The potential chondroinductivity from cartilage matrix makes it promising for cartilage repair; however, cartilage matrix-based hydrogels developed thus far have failed to match the mechanical performance of native cartilage or be bioprinted without adding polymers for reinforcement. There is a need for cartilage matrix-based hydrogels with robust mechanical performance and paste-like precursor rheology for bioprinting/enhanced surgical placement. In the current study, our goals were to increase hydrogel stiffness and develop the paste-like precursor/printability of our methacryl-modified solubilized and devitalized cartilage (MeSDVC) hydrogels. We compared two methacryloylating reagents, methacrylic anhydride (MA) and glycidyl methacrylate (GM), and varied the molar excess (ME) of MA from 2 to 20. The MA-modified MeSDVCs had greater methacryloylation than GM-modified MeSDVC (20 ME).
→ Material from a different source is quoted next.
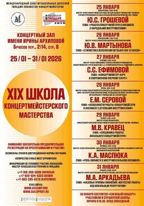 С 25 по 31 января 2026 года в Москве пройдёт XIX Школа концертмейстерского мастерства.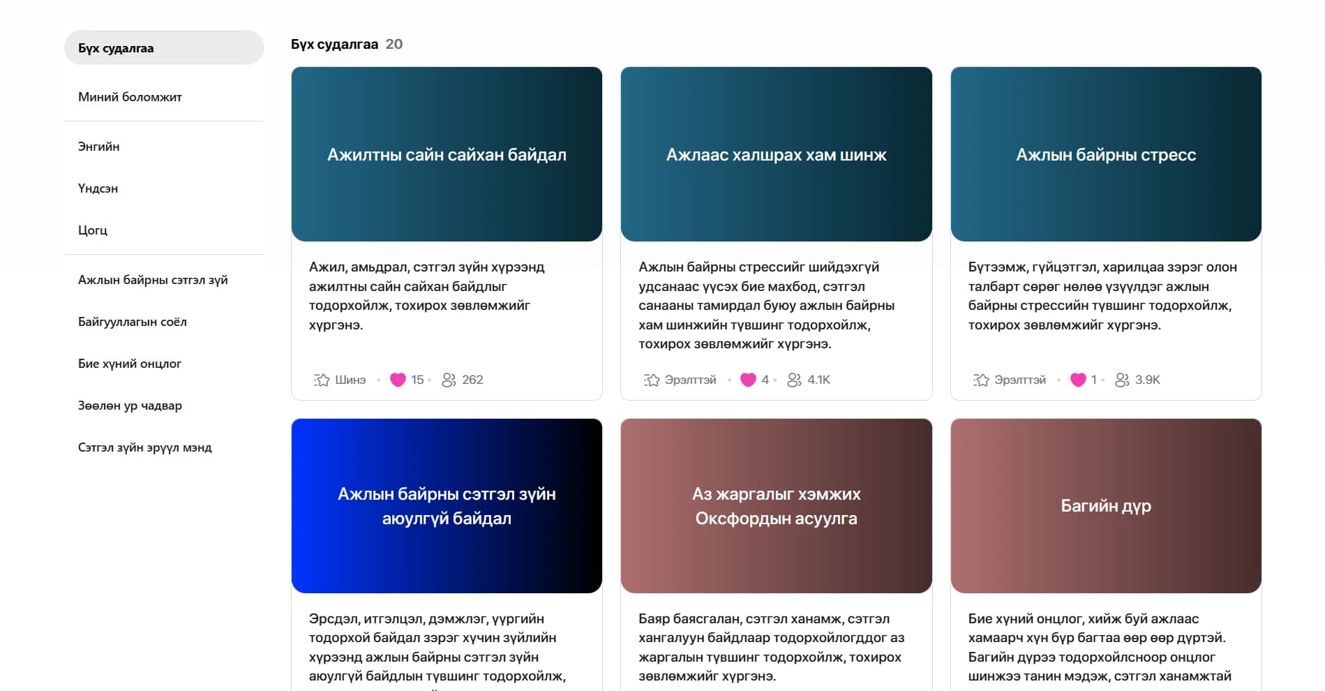 Сэтгэл зүйн эрүүл мэндийн шинжлэх ухаан дээр тулгуурласан цогц платформ, таны ажлын байрны сайн сайханг удирдахад туслах болно.

While GM and most of the MA hydrogel precursors exhibited paste-like rheology, the 2 ME MA and GM MeSDVCs had the best printability (i.e., shape fidelity, filament collapse). After crosslinking, the 2 ME MA MeSDVC had the highest stiffness (1.55 ± 0.23 MPa), approaching the modulus of native cartilage, and supported the viability/adhesion of seeded cells for 15 days. Overall, the MA (2 ME) improved methacryloylation, hydrogel stiffness, and printability, resulting in a stand-alone MeSDVC printable biomaterial. The MeSDVC has potential as a future bioink and has future clinical relevance for cartilage repair.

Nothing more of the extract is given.